There is no option but to ‘let the courts sort it out’. Courts have a tendency to go a different route than the plaintiff would expect. Even if in your opinion company A should be primarily responsible, it could very well happen that the court decides company X (whom per Brutus recommendation, was not included) is the real culprit. Better to be safe than sorry, so you better cast a sufficiently wide net.

That said, I can understand the irritation with some of the stories you hear. For one, there are indeed cases where there is just a very tenuous connection between the defendant and the accident, and where it seems to be a case of ‘deep pockets’ only.
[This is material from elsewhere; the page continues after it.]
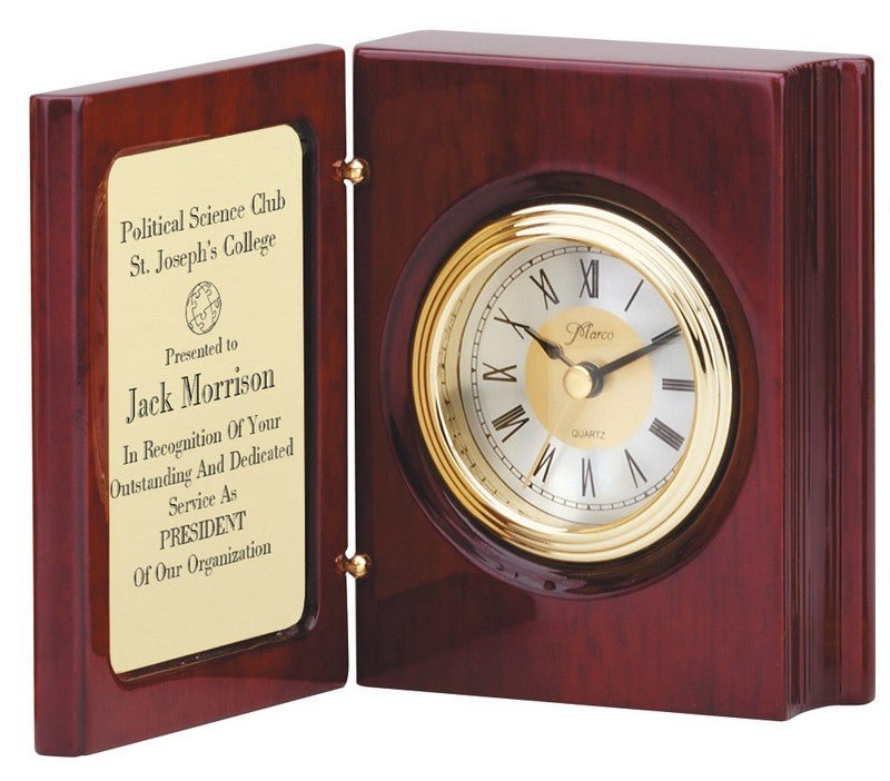 An Elegant Rosewood Finish Clock Designed As A Hinged Book, Individually Boxed

But with respect to the costs to fend of a lawsuit, this might be more a problem with the general state of the U.S. legal system. I’m no expert on this; I just finished reading The Moral Compass of the American Lawyer by Zitrin and Langford, who give a balanced view of the current problems. While they debunk some of the criticism, they are aware of certain problems and offer suggestions for improvement (unfortunately mostly would need a change in the mind-set of organizations and institutions, which are rather hard to accomplish).

Like other folks said, it’s sometimes hard to know in advance who the responsible party is. For what it’s worth, in the case I’ve been discussing, I spent several hours poking around the web sites of the organizations in question; doing internet searches; and studying the form 990s of the one non-profit involved. But I wasn’t able to find the answer I was looking for. I finally chatted about the issue with a more experienced attorney who told me it would be malpractice not to sue all 4 entities - and sort things out later.

Derleth - It was something like ten years ago. The primary e mail system is a proprietary DOS based one, with a transition to cc:Mail in the later part of the time period we needed to search The servers (Netware 3.12) only hold 500 mg - and we could only free up two of them for this work, and the restores are about 300 meg a month, there were something on the order of 12 e-mail servers, each with its own extensive tape set. Because of the time period, we had multiple tape systems during that time, and two or three different backup software programs. Oh, and its a 15,000 person company - the to: from: list the lawyers provided is about 200 names - across all those servers. I had scripts, but the scripts didn’t take care of everything - or in fact most of the work. The restores were what took so long - as each tape needed to be restored, its contents searched via script, the hits copied out, and then a new restore over the top of the previous one. Oh, and back then, the lawyers wanted everything translated to ASCII text files and put on FLOPPY! Yep, thousands of floppies. So yes, scripting was part of the solution, but it was just time consuming and labor intensive even with the scripts.

Never, ever, ever, hang onto your mail backups any longer than needed for disaster recovery purposes.

(And yes, I was properly exempted as a proper exempt professional employee, since this is the company I had a sexual harrassment claim against, getting paid for overtime was the least of my legal concerns there. The company - a former Fortune 100, has been bought by a competator and exists no more.)

I know nothing about this case, (just what I’ve seen on the news), and even I can tell you Shell has nothing to do with it. I guess they need to be dismissed of wrong doing, but what the hell could they possibly have been responsible for?